## [TO DO]
Your answer must be an exact copy of the data below.

## [Collected data entries]

Content starts

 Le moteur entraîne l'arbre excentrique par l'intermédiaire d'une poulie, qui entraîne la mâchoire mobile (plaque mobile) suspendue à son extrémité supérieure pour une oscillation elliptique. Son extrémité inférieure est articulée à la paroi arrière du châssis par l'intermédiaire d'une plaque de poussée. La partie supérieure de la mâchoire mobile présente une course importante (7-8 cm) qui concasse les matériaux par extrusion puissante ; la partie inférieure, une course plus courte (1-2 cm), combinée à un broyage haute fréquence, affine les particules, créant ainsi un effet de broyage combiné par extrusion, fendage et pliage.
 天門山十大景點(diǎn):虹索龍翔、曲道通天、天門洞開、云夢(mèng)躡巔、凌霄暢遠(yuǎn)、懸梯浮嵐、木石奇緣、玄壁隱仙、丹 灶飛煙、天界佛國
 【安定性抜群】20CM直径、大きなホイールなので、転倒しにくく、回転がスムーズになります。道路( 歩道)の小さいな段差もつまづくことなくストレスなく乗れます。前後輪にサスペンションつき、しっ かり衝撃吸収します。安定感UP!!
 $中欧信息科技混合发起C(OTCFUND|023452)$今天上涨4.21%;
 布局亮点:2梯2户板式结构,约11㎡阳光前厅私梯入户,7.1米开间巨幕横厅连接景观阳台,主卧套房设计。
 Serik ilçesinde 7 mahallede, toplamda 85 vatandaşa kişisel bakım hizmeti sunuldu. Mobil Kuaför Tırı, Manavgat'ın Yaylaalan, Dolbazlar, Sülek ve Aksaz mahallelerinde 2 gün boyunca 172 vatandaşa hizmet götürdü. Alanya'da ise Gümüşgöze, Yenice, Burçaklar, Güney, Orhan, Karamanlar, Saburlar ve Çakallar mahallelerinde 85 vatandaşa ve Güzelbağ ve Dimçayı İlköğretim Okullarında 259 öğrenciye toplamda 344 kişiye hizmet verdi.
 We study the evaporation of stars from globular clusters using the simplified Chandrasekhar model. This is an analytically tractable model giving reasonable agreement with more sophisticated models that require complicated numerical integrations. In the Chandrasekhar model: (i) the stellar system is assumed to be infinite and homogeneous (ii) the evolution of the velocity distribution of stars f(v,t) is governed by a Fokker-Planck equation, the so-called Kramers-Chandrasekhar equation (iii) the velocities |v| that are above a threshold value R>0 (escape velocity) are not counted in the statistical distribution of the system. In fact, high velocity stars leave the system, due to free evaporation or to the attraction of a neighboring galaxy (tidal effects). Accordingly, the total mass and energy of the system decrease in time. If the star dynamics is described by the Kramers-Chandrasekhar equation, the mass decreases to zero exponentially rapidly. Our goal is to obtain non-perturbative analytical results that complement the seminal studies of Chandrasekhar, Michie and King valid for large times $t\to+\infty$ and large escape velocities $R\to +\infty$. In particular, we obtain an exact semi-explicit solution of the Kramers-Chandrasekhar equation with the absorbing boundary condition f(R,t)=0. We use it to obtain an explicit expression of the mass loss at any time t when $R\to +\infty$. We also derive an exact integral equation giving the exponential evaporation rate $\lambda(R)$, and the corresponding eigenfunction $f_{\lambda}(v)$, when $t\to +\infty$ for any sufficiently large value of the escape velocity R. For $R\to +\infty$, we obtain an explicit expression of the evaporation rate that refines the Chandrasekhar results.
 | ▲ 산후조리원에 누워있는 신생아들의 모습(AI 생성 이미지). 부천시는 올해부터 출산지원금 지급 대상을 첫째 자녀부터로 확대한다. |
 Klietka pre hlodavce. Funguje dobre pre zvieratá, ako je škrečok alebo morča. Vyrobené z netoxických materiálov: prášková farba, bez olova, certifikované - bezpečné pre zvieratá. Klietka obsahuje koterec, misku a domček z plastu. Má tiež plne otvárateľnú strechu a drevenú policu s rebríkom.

Content ends

## [EXERCISE OUTPUT]
 Le moteur entraîne l'arbre excentrique par l'intermédiaire d'une poulie, qui entraîne la mâchoire mobile (plaque mobile) suspendue à son extrémité supérieure pour une oscillation elliptique. Son extrémité inférieure est articulée à la paroi arrière du châssis par l'intermédiaire d'une plaque de poussée. La partie supérieure de la mâchoire mobile présente une course importante (7-8 cm) qui concasse les matériaux par extrusion puissante ; la partie inférieure, une course plus courte (1-2 cm), combinée à un broyage haute fréquence, affine les particules, créant ainsi un effet de broyage combiné par extrusion, fendage et pliage.
 天門山十大景點(diǎn):虹索龍翔、曲道通天、天門洞開、云夢(mèng)躡巔、凌霄暢遠(yuǎn)、懸梯浮嵐、木石奇緣、玄壁隱仙、丹 灶飛煙、天界佛國
 【安定性抜群】20CM直径、大きなホイールなので、転倒しにくく、回転がスムーズになります。道路( 歩道)の小さいな段差もつまづくことなくストレスなく乗れます。前後輪にサスペンションつき、しっ かり衝撃吸収します。安定感UP!!
 $中欧信息科技混合发起C(OTCFUND|023452)$今天上涨4.21%;
 布局亮点:2梯2户板式结构,约11㎡阳光前厅私梯入户,7.1米开间巨幕横厅连接景观阳台,主卧套房设计。
 Serik ilçesinde 7 mahallede, toplamda 85 vatandaşa kişisel bakım hizmeti sunuldu. Mobil Kuaför Tırı, Manavgat'ın Yaylaalan, Dolbazlar, Sülek ve Aksaz mahallelerinde 2 gün boyunca 172 vatandaşa hizmet götürdü. Alanya'da ise Gümüşgöze, Yenice, Burçaklar, Güney, Orhan, Karamanlar, Saburlar ve Çakallar mahallelerinde 85 vatandaşa ve Güzelbağ ve Dimçayı İlköğretim Okullarında 259 öğrenciye toplamda 344 kişiye hizmet verdi.
 We study the evaporation of stars from globular clusters using the simplified Chandrasekhar model. This is an analytically tractable model giving reasonable agreement with more sophisticated models that require complicated numerical integrations. In the Chandrasekhar model: (i) the stellar system is assumed to be infinite and homogeneous (ii) the evolution of the velocity distribution of stars f(v,t) is governed by a Fokker-Planck equation, the so-called Kramers-Chandrasekhar equation (iii) the velocities |v| that are above a threshold value R>0 (escape velocity) are not counted in the statistical distribution of the system. In fact, high velocity stars leave the system, due to free evaporation or to the attraction of a neighboring galaxy (tidal effects). Accordingly, the total mass and energy of the system decrease in time. If the star dynamics is described by the Kramers-Chandrasekhar equation, the mass decreases to zero exponentially rapidly. Our goal is to obtain non-perturbative analytical results that complement the seminal studies of Chandrasekhar, Michie and King valid for large times $t\to+\infty$ and large escape velocities $R\to +\infty$. In particular, we obtain an exact semi-explicit solution of the Kramers-Chandrasekhar equation with the absorbing boundary condition f(R,t)=0. We use it to obtain an explicit expression of the mass loss at any time t when $R\to +\infty$. We also derive an exact integral equation giving the exponential evaporation rate $\lambda(R)$, and the corresponding eigenfunction $f_{\lambda}(v)$, when $t\to +\infty$ for any sufficiently large value of the escape velocity R. For $R\to +\infty$, we obtain an explicit expression of the evaporation rate that refines the Chandrasekhar results.
 | ▲ 산후조리원에 누워있는 신생아들의 모습(AI 생성 이미지). 부천시는 올해부터 출산지원금 지급 대상을 첫째 자녀부터로 확대한다. |
 Klietka pre hlodavce. Funguje dobre pre zvieratá, ako je škrečok alebo morča. Vyrobené z netoxických materiálov: prášková farba, bez olova, certifikované - bezpečné pre zvieratá. Klietka obsahuje koterec, misku a domček z plastu. Má tiež plne otvárateľnú strechu a drevenú policu s rebríkom.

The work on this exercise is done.